McArthur was built by the Mare Island Navy Yard at Vallejo, California, in 1874. She entered Coast Survey service as USCS McArthur in 1876. When the Coast Survey was reorganized in 1878 to form the Coast and Geodetic Survey, she became a part of the new service as USC&GS McArthur.

==Career==
McArthur served almost exclusively in the waters of the Territory of Alaska.

Tragedy struck McArthurs crew on 17 August 1894 when her commanding officer, Lieutenant Freeman Crosby, US Navy, and four crewmen drowned after their boat capsized coming through surf on the coast of the state of Washington.

On more than one occasion, McArthur assisted mariners in distress. On 15 December 1909, she hauled the passenger steamer Fleetwood off the ground in Grays Harbor, Washington. On 30 May 1914, she rendered assistance to the Ketchikan Power Company barge Blanche; seas were breaking over Blanche, seams had opened in her hull, and water was flooding in faster than Blanches pumps could pump it out, but McArthur kept Blanche from sinking.

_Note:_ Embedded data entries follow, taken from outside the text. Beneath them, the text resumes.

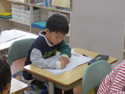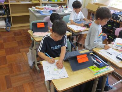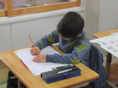 18日(木)の学習の様子です。2年生になって初めての書写の時間でした。お手本をよく見て、一字一字ていねいにノートに書いています。真剣な表情がいいですね!
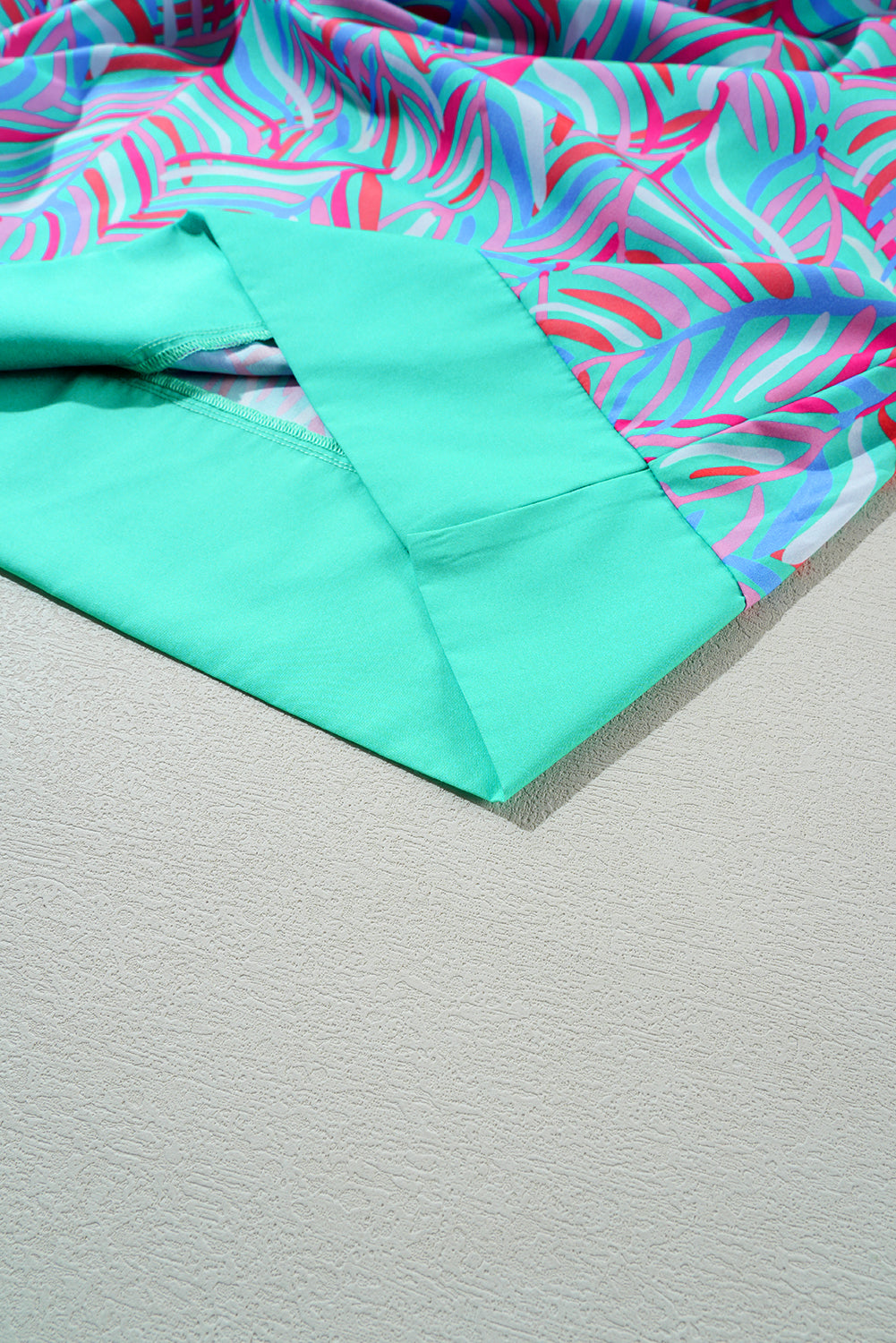 Green Plus Size Palm Pattern Long Sleeve Shift Dress
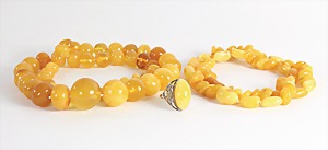 Lot Bernstein: teilweise "BUTTERSCOTCH", 1 Ring, Silber 925/000, RW ca. 59,5; 1 Kette im Verlauf, Drehschließe, D = 8,5 - 22 mm, L = 60 cm; 1 Kette (unregelmäßig) mit Drehschließe, L = 51 cm, alles total 91,8 g
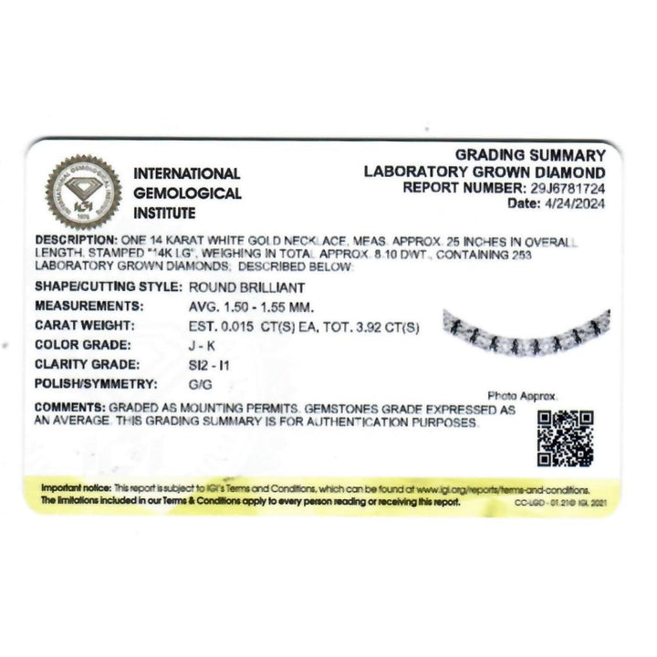 Set in solid 14k white gold with 3.92ct total weight lab-grown round brilliant-cut diamonds. Length: 25".
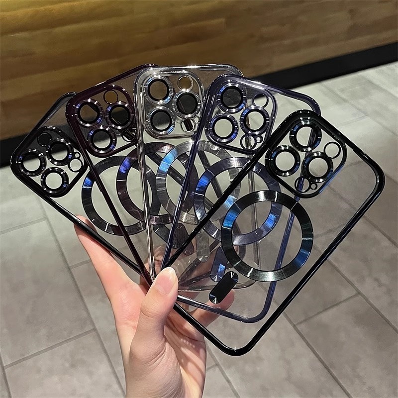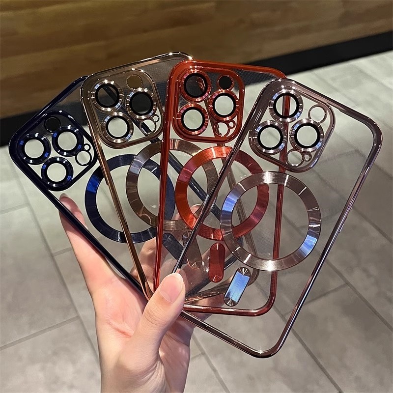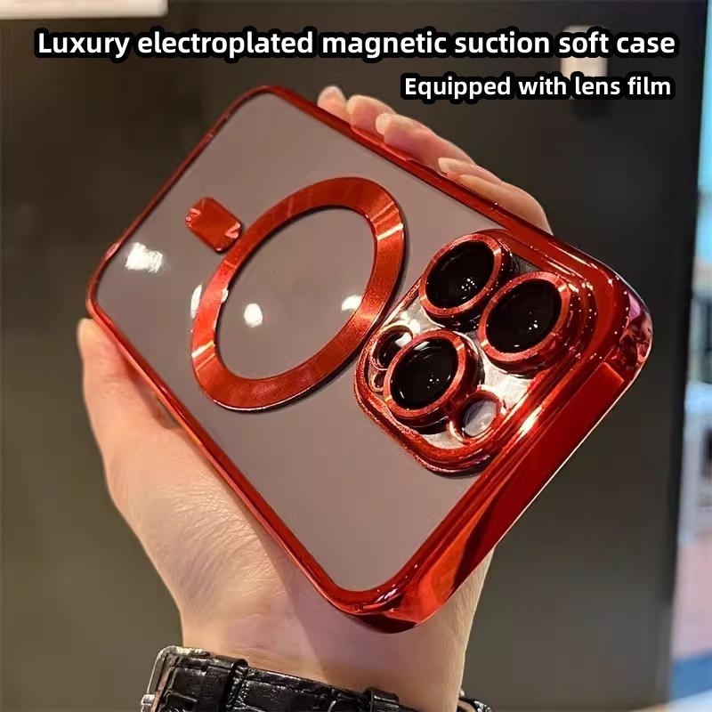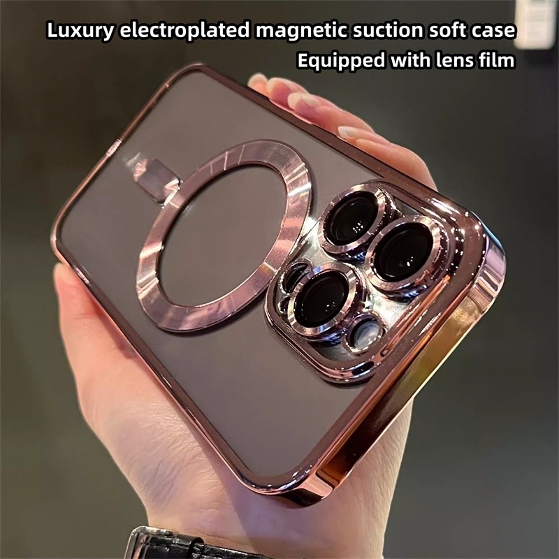 เหมาะสําหรับเคสโทรศัพท์ iPhone 16 Pro Max 16plus 14 15 13 Pro Max 11, เคสป้องกันโปร่งใสด้วยไฟฟ้าหรูหรา, พร้อมฟิล์มเลนส์, เปลือกนิ่มแม่เหล็ก
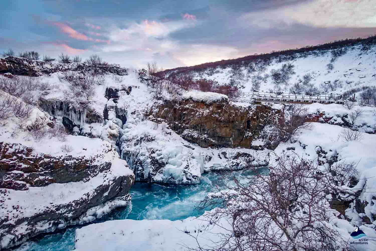 We’ll drive inland to the Hraunfossar and Barnafossar waterfalls – two stunningly beautiful waterfalls that are the pride of west Iceland. Hraunfossar is particularly special – comprised of thousands of tiny cascades that combine into a dramatic cacophony of thundering water. These rivulets emerge from the colorful Hallmundarhraun lava field – making for one of the best photo opportunities that you will ever get! We’ll also stop at Barnafossar, whose beautiful foggy blue waters have a supernatural quality about them. They are known as ‘the children’s falls’ and your knowledgeable local guide will tell you all about the tragic story that earnt them this name.
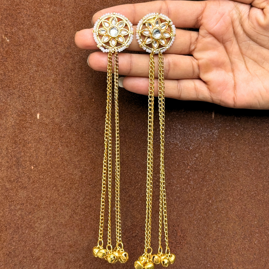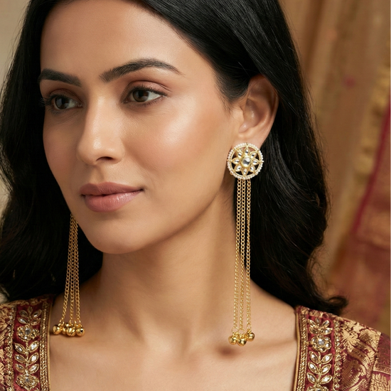 Long gold-toned chain tassels finished with tiny ghungroo-style drops create a beautiful sway, making these earrings perfect for adding drama without feeling heavy. Lightweight and versatile, they bring elegance to every outfit.
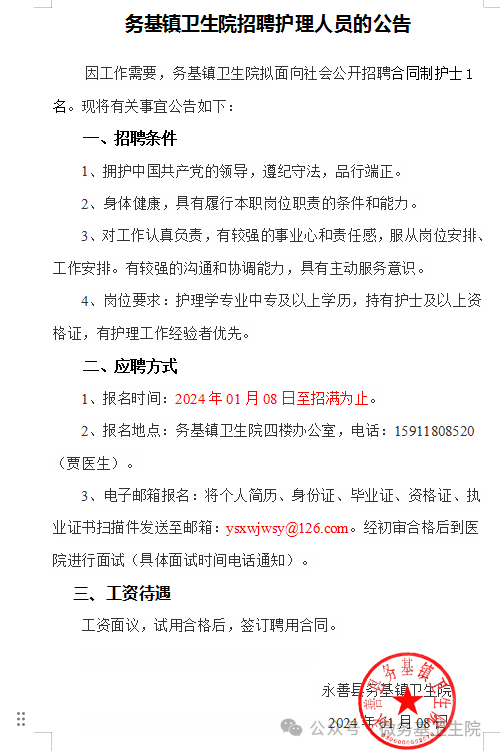 務(wù)基鎮(zhèn)衛(wèi)生院招聘護(hù)理人員的公告
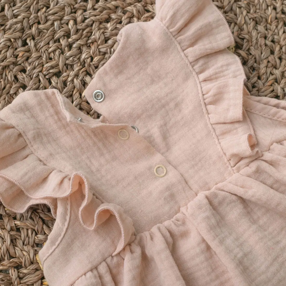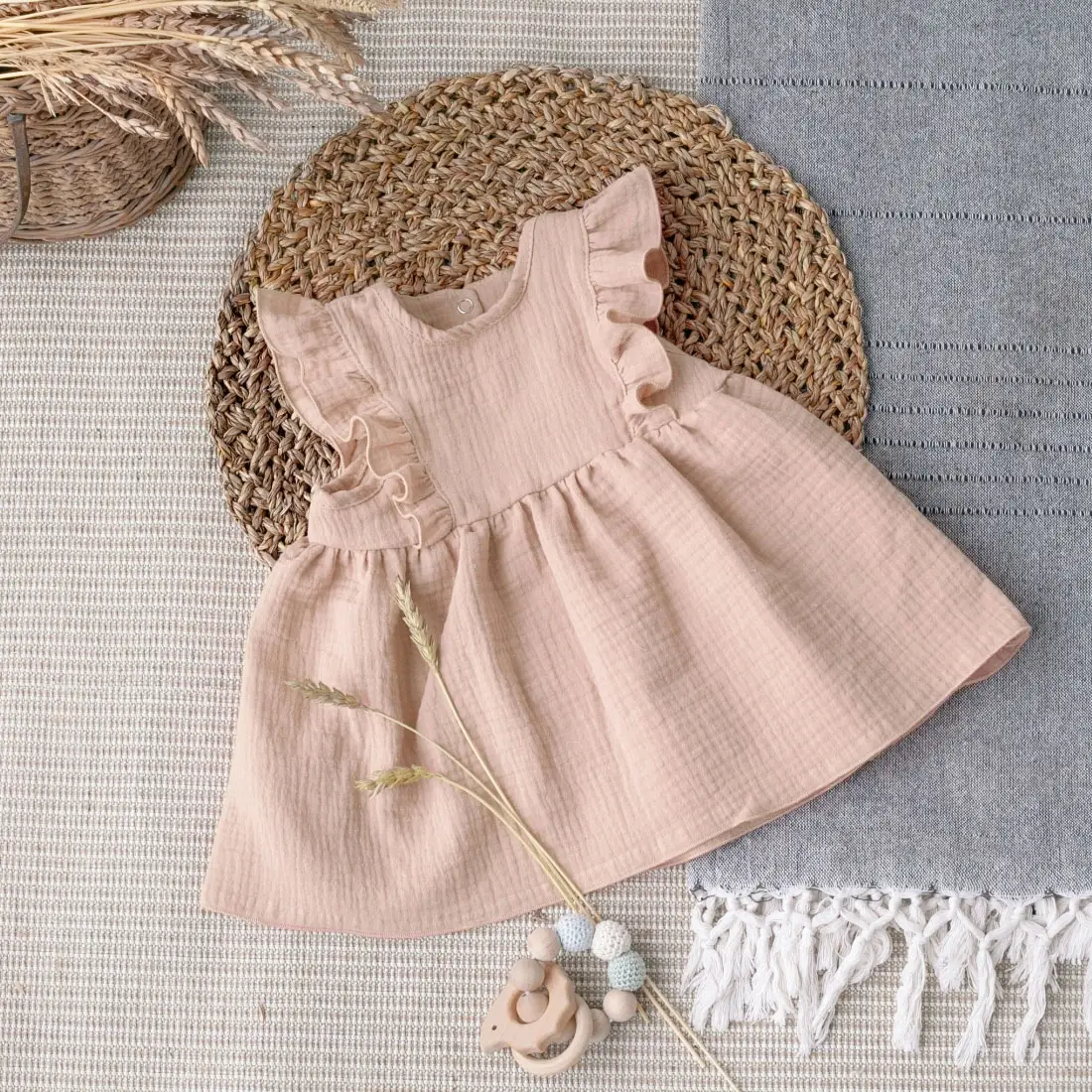 Платье с крылышками Муслин, пудра, лето, размер 22, рост 68-74 см

On 16 January 1915, McArthur was at Seattle, Washington when a fire broke out on the docks there. She was unable to move because she did not have steam up. The Coast and Geodetic Survey survey ship USC&GS Explorer, which had steam up, towed both McArthur and the survey ship USC&GS Thomas R. Gedney to a safe location.

McArthur was retired later in 1915.

==Commemoration==

McArthur Peak, Port McArthur, and McArthur Reef, all in Alaska, were named for McArthur.